Enquanto muitas empresas dizem estimular o funcionário empreendedor, a prática da teoria é outra, mais ao estilo de Frederick Taylor, pai do gerenciamento científico. Mas quem foi Frederick Taylor? Fico feliz que tenha perguntado, pois ele sugeria que o trabalho cerebral fosse banido do ambiente de produção e deixado para gerentes. Operários não deveriam ser pagos para pensar, mas para operar, isto é, produzir.
O grito característico desta doutrina é "Lucratividade ou morte"... para quem estiver ao alcance da lâmina. No vácuo moral dessa antiga doutrina da administração só cabem números para encher o vácuo moral da própria antiga doutrina da administração. Pessoas são reles vassalos que existem para servir cegamente a coroa.
Mas há empresas descobrindo que valorizar gente é bom negócio, e não estou falando aqui da valorização do cliente. Afinal, já estamos cansados de saber que o cliente está em primeiro lugar. Mas... cá entre nós, está? É claro que não. Os interesses dos acionistas estão em primeiro lugar. Se não acredita, pergunte ao Papai Noel e confirme com o Coelho da Páscoa. Na prática, o acionista vem primeiro, depois o cliente, por último, o funcionário. Aquele que a empresa espera que seja empreendedor no discurso, e espera que ele seja trazido por uma cegonha.
E se alguém alterar esta ordem? Tirar do trono o acionista e colocar o funcionário lá? Será que ele viraria empreendedor? Sendo valorizado, talvez trabalhe melhor. Com liberdade para criar, pode ousar sem medo de errar, e se trabalhar satisfeito, sua satisfação pode contaminar o cliente. Que, por sua vez, dará mais lucro para o acionista, que poderá rir por último, mas rir melhor.
Esqueça. Acho que estou delirando. Ninguém produz mais e melhor se for valorizado. Nem fica mais criativo se lhe for dado espaço. Uma liberdade assim levaria o funcionário a pensar fora dos limites conhecidos, um verdadeiro desastre e um ultraje para os padrões, normas e convenções estabelecidas. Ou não?
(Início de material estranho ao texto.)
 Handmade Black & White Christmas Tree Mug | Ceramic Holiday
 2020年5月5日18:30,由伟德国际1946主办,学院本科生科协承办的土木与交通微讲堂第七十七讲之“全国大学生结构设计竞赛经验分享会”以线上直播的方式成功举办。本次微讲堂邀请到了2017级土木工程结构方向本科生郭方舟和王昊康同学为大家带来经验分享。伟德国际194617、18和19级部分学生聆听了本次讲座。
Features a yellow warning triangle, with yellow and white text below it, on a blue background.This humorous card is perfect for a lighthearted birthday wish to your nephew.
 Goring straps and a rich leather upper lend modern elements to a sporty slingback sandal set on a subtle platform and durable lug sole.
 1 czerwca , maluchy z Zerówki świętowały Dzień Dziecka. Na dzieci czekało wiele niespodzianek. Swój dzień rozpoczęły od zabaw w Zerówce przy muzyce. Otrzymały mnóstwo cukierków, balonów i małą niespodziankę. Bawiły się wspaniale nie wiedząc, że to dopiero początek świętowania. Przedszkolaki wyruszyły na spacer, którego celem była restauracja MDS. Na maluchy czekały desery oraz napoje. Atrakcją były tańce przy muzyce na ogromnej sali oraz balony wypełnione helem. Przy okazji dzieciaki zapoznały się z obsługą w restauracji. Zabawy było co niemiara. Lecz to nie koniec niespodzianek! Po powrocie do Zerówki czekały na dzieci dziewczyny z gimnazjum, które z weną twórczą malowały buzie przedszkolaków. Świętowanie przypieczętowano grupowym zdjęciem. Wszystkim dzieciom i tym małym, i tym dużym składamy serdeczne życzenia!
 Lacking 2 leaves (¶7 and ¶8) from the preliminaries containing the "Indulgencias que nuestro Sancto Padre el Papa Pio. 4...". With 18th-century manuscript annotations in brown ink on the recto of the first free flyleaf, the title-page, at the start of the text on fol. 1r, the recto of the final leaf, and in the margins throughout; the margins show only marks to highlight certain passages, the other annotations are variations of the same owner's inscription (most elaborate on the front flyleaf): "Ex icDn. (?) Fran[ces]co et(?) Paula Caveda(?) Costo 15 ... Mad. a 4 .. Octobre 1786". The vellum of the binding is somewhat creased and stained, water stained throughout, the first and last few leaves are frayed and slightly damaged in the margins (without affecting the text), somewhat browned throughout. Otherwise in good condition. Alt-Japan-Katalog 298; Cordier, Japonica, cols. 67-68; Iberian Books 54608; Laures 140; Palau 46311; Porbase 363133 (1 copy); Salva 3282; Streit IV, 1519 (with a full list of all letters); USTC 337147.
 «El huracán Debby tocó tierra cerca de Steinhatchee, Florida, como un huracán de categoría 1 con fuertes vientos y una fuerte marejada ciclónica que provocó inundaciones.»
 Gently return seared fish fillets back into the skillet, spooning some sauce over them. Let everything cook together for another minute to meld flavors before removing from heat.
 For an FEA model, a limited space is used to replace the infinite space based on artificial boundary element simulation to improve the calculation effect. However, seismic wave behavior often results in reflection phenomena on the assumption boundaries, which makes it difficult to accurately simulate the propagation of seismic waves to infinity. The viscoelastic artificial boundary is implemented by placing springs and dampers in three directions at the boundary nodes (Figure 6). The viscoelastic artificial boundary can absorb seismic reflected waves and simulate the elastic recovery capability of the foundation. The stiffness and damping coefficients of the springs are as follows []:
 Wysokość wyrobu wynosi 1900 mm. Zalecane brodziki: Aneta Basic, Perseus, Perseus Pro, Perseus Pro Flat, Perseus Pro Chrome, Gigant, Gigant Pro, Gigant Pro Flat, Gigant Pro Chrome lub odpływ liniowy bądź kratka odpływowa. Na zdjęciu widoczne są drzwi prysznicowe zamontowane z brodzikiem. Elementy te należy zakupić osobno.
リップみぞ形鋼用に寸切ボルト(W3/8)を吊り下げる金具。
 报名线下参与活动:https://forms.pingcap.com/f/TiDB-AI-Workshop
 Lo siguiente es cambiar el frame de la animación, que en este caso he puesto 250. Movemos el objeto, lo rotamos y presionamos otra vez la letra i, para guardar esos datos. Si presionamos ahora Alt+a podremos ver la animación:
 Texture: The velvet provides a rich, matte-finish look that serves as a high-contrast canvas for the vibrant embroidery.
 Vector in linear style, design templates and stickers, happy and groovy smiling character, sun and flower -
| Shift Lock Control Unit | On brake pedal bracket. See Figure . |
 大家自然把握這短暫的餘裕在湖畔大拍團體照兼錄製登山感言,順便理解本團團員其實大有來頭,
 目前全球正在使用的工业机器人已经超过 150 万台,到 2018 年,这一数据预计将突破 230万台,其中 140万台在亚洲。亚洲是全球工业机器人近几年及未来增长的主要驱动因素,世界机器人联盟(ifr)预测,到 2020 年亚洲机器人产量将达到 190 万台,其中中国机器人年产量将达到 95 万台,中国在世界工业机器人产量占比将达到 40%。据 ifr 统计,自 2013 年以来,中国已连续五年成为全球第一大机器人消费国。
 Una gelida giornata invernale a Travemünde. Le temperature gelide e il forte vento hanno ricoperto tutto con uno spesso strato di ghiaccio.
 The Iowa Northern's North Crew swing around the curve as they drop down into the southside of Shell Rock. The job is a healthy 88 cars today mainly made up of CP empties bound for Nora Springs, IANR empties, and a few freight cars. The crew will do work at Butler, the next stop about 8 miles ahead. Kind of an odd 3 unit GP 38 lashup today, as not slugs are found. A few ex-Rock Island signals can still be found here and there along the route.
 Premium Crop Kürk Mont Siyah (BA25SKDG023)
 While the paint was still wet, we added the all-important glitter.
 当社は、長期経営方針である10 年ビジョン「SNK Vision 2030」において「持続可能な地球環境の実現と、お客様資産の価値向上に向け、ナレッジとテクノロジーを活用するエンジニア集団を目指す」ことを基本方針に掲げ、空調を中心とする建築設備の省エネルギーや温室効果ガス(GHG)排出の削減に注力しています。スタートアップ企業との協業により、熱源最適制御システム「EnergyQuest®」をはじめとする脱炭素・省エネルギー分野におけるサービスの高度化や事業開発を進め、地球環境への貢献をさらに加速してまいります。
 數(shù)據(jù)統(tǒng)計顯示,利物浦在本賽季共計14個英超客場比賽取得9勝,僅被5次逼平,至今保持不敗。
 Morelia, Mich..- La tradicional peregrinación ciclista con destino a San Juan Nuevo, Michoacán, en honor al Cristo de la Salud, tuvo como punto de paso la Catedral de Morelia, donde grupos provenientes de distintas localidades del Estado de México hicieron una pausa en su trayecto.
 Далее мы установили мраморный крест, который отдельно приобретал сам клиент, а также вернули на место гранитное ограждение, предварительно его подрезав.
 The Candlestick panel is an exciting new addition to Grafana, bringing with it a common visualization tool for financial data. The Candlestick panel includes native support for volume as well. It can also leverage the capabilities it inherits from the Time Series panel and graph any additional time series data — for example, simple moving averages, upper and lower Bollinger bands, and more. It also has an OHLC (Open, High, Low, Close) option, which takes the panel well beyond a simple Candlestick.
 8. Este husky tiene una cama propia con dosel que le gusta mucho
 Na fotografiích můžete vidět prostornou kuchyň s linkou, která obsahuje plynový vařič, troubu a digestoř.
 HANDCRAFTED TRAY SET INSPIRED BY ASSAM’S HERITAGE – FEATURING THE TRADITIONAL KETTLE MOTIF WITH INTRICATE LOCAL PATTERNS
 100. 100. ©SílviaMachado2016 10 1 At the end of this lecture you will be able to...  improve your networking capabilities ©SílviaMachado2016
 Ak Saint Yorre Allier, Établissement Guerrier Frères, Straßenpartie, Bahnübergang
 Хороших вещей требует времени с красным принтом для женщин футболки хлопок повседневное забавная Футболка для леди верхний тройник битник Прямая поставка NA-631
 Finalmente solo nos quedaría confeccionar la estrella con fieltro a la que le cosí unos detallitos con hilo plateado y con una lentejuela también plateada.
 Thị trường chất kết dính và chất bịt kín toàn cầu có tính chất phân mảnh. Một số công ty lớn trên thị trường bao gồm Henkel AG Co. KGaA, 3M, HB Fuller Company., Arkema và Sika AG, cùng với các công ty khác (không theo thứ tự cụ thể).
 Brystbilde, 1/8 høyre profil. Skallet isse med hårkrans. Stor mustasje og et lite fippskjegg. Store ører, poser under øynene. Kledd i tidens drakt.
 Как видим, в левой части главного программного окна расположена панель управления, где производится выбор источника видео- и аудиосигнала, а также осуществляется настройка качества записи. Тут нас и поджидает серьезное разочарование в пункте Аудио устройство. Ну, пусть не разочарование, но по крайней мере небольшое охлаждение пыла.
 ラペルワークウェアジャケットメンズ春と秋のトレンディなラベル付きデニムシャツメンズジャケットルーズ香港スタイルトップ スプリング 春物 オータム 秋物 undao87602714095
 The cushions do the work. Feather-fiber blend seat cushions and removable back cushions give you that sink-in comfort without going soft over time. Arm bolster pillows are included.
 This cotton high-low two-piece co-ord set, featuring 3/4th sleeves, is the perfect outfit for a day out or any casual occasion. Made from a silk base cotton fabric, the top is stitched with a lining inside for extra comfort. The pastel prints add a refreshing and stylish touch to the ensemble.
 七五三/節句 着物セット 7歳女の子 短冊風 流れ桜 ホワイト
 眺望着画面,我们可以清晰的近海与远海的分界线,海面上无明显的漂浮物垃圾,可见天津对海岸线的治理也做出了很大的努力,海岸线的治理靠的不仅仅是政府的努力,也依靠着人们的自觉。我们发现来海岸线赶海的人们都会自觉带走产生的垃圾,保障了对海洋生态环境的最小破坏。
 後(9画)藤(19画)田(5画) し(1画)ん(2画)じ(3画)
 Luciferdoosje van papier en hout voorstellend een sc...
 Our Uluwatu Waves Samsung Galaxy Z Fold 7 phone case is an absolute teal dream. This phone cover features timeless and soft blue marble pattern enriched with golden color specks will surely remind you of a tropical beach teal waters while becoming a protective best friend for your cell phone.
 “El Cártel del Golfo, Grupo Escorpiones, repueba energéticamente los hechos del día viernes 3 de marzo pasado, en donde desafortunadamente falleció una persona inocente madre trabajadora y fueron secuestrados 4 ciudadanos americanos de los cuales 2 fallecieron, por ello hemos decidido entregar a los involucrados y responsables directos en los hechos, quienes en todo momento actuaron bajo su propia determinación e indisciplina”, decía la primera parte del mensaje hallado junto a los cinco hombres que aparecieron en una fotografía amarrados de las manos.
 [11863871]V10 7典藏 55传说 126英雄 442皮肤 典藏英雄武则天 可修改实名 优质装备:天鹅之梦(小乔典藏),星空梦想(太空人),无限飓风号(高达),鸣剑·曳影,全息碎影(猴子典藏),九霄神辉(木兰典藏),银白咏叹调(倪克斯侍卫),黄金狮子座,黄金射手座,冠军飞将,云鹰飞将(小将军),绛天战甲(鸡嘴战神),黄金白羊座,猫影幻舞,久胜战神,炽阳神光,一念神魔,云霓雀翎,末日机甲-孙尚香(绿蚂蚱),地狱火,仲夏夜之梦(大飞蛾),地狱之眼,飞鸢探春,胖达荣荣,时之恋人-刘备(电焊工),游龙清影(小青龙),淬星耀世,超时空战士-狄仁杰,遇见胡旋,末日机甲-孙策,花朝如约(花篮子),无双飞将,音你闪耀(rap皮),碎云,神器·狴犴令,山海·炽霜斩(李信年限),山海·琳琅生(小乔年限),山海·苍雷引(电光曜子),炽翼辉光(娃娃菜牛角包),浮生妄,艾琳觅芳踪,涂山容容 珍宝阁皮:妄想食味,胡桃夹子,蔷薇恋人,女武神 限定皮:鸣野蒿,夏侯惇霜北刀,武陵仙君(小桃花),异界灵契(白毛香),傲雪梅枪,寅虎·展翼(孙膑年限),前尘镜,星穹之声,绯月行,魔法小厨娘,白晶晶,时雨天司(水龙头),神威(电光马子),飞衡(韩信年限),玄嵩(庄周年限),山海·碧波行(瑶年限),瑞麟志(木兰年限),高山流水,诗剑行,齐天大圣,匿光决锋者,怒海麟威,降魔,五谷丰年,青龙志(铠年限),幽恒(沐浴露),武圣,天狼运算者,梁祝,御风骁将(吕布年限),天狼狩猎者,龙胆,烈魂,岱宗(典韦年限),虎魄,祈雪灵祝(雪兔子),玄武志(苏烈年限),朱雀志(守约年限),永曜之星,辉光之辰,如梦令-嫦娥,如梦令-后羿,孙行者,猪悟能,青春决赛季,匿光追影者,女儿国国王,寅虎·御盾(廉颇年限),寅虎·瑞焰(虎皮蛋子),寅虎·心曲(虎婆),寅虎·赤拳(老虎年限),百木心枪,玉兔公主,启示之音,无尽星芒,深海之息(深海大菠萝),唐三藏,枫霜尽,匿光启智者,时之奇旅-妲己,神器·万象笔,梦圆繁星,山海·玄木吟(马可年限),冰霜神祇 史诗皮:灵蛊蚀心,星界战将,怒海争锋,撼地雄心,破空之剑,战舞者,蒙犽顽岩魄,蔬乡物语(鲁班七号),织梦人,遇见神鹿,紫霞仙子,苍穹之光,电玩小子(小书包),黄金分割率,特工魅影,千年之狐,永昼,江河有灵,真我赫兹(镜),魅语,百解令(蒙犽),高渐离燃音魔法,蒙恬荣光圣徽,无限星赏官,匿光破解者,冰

Enquanto você decide, preciso voltar à preparação do desfile de 7 de Setembro que promovíamos na escola da Chapada dos Veadeiros. Criatividade foi o que sobrou ali com a solução que encontramos para visitar nossos familiares a mais de mil quilômetros dali, sem privar a população do feriado e do desfile de 7 de Setembro. Marchamos com a fanfarra e os alunos da escola até nossa Kombi, que de malas prontas nos aguardava estrategicamente estacionada numa bifurcação. Dali o desfile seguiu para a direita e nós seguimos o coração sacolejando na Kombi abarrotada.
Por sorte aquela independência não acabou em morte para nossas carreiras, quando ouvimos da delegada de ensino do Estado de Goiás um brado mais sonoro que o do Ipiranga. De espada em punho, ela enviou um ofício avisando aqueles jovens inconsequentes que seu desejo de viajar os tinha levado longe demais. Afinal, tínhamos conseguido convencer uma cidade inteira com seus seiscentos habitantes a antecipar o 7 de Setembro para o dia quatro. Culpa do desejo de liberdade, ainda que cedo.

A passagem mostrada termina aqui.